Кто я для нее? Кафир, как сказал Бянус, голь, нищета…
Ни верблюдов, ни поместий, ни брильянтов, ни скважин нефтяных…
И никакого обаяния… Так что приятных сюрпризов мне ждать не приходилось.
* * *
Поторопился я с этим выводом, поспешил, забыв, что кроме приятных сюрпризов случаются и неприятные. Вроде оазиса в пустыне, засыпанного песком; ведешь к нему свой караван, мечтая испить водички и отдохнуть под пальмами, и вдруг – глянь-ка! – ни пальм, ни оазиса, ни воды, а один песок, да и тот пополам с ослиным пометом…
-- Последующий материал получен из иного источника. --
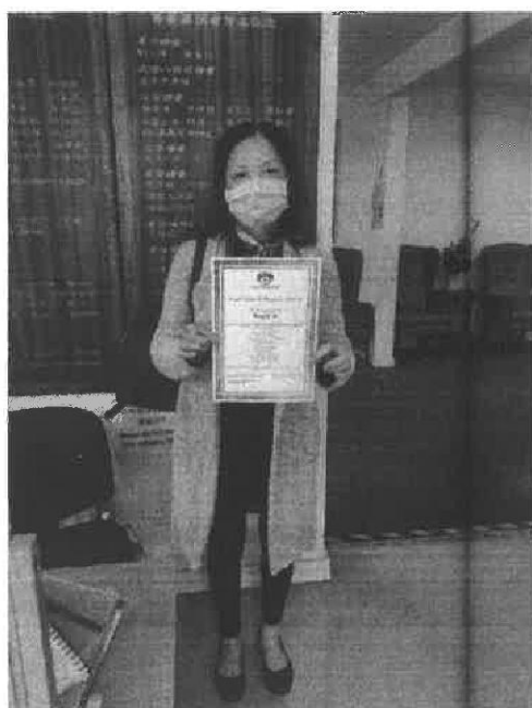
Member received the Food & Hygiene Certificate after passing the exam.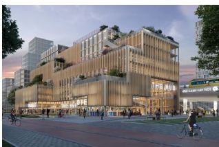
NS Mobility hub, NL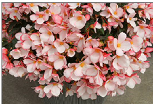
Florencio White Begonia flowers

Florencio White Begonia is recommended for the following landscape applications;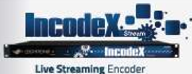
Live Streaming Encoder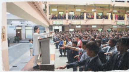
MCKV commemorated the 75th anniversary of the adoption of the Constitution of India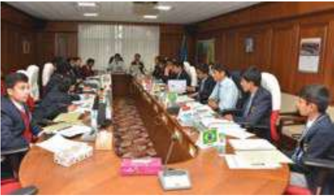
Model Security Council in progress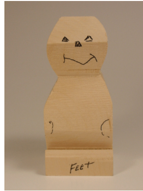
Pumpkin 4 Front View of cut out block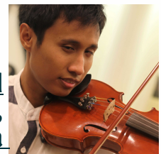
WATCH: Blind Boys' Academy, India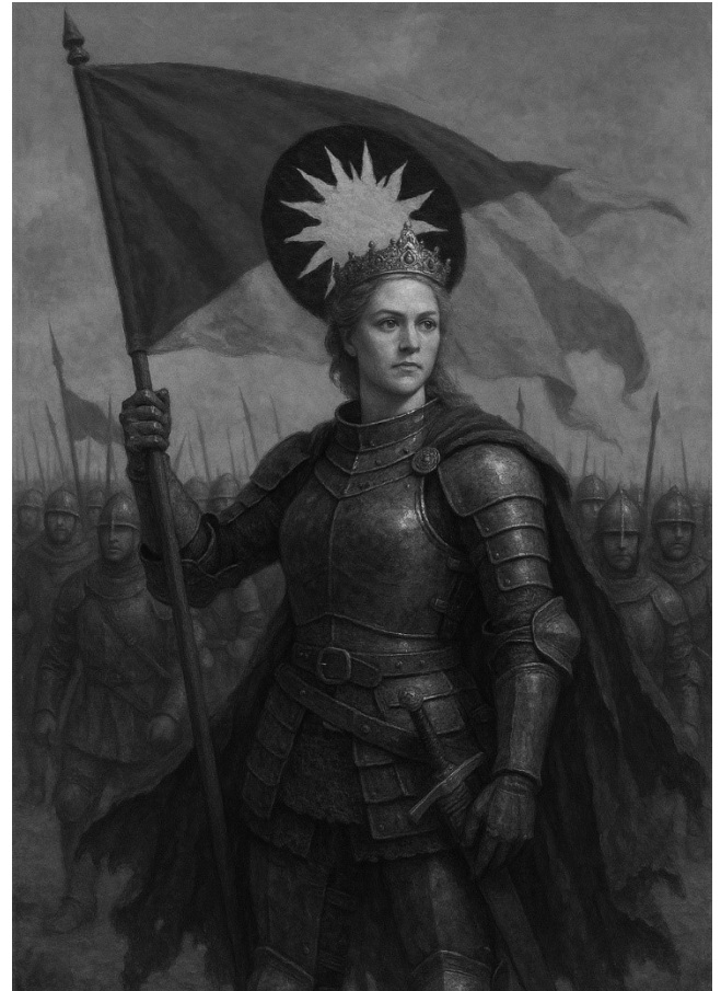
Image of Empress Arabella Hiram

But even more abhorrent are the whispers that Atticus Hiram—this so-called “King”—has reached out to ELVES for support. Yes, elves. Those same godless creatures whose lands we bled to defend against, whose treachery has cost us countless lives, and whose very existence threatens the moral fabric of our human dominion. (Cont. Page 2)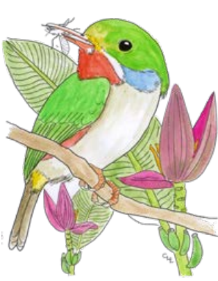
17 Cuban Tody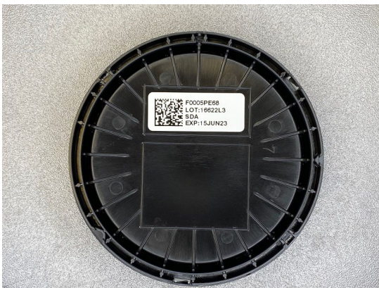
Bottom of cassette: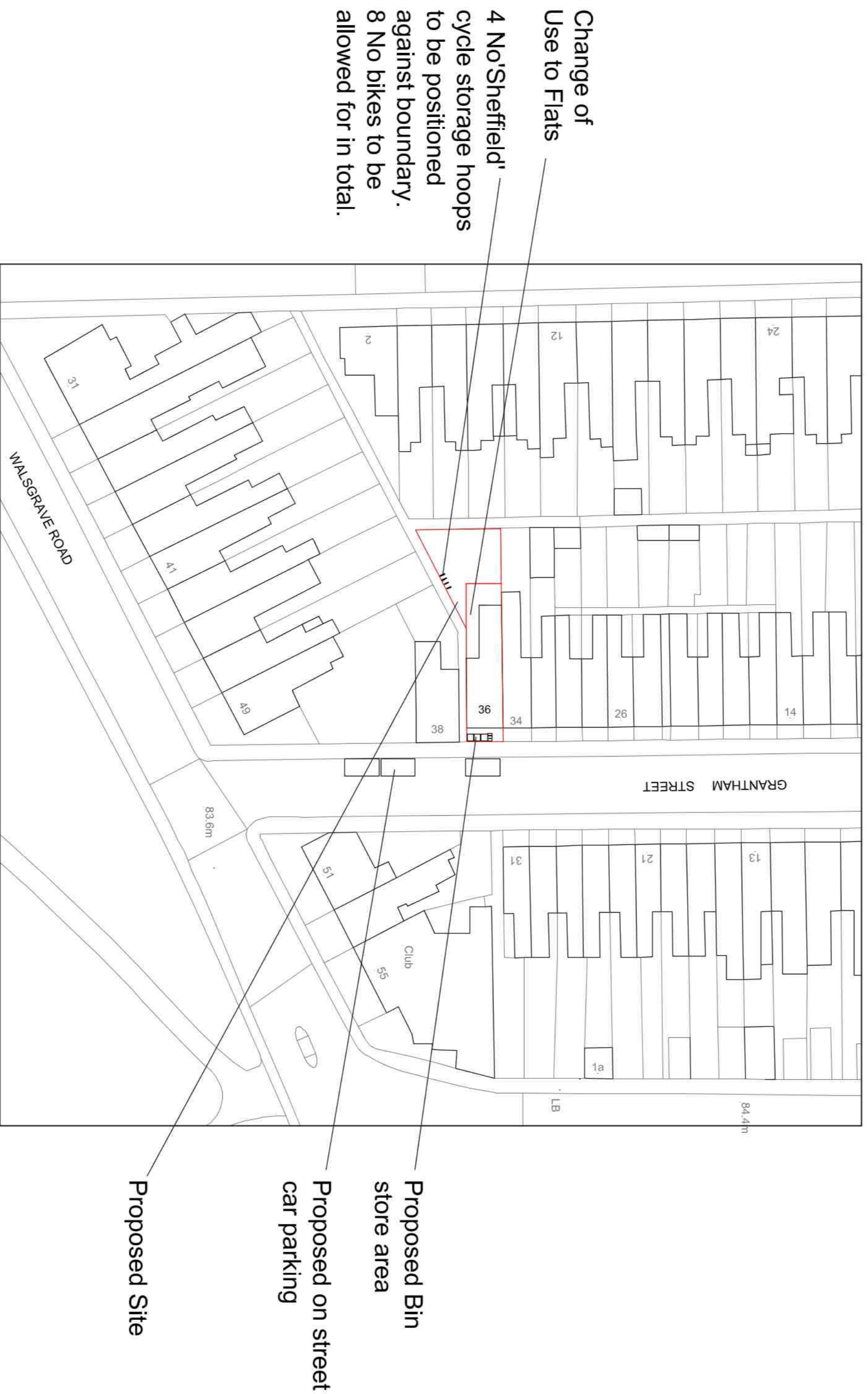
Block Plan Scale 1:500 @ A1

GENERAL NOTES DRAWING CAN BE SCALED FOR PLANNING SUBMISSION PURPOSES ONLY BUT IF IN ANY DOUBT ABOUT A DIMENSION OR ANY OF THE DRAWN INFORMATION PLEASE ASK CDRB ARCHITECTS LTD.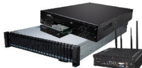
Server & Networking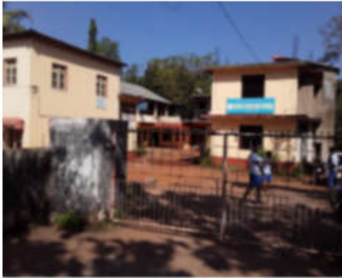
Polling Station Building Front View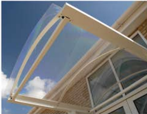
ClearView PETg UV Sheeting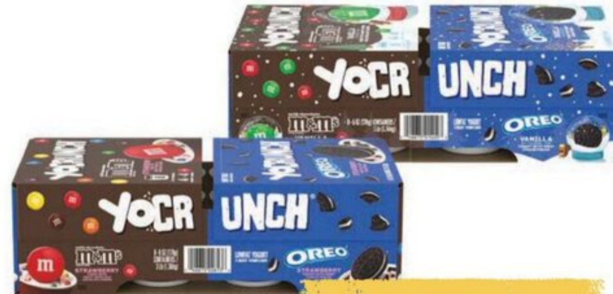
Yogurt YoCrunch Fridge Pack, 8 Pk

Отсидев свое на работе и возвратившись домой, я с порога услышал писк и тиканье, что доносились из моей комнаты. Тик-тик-пи-иип, тик-тик-пи-иип… Тришка встречал меня бедственным сигналом, словно верный пес, завывающий у разграбленного жилья. Вопли его начались, судя по мигавшим на экране надписям, в восемнадцать ноль три, когда он был активирован импульсами Добермана, а значит – тут я покосился на свой ханд-таймер – кто-то работал с Джеком уже целый час сорок шесть минут. Неведомо кто и неведомо где…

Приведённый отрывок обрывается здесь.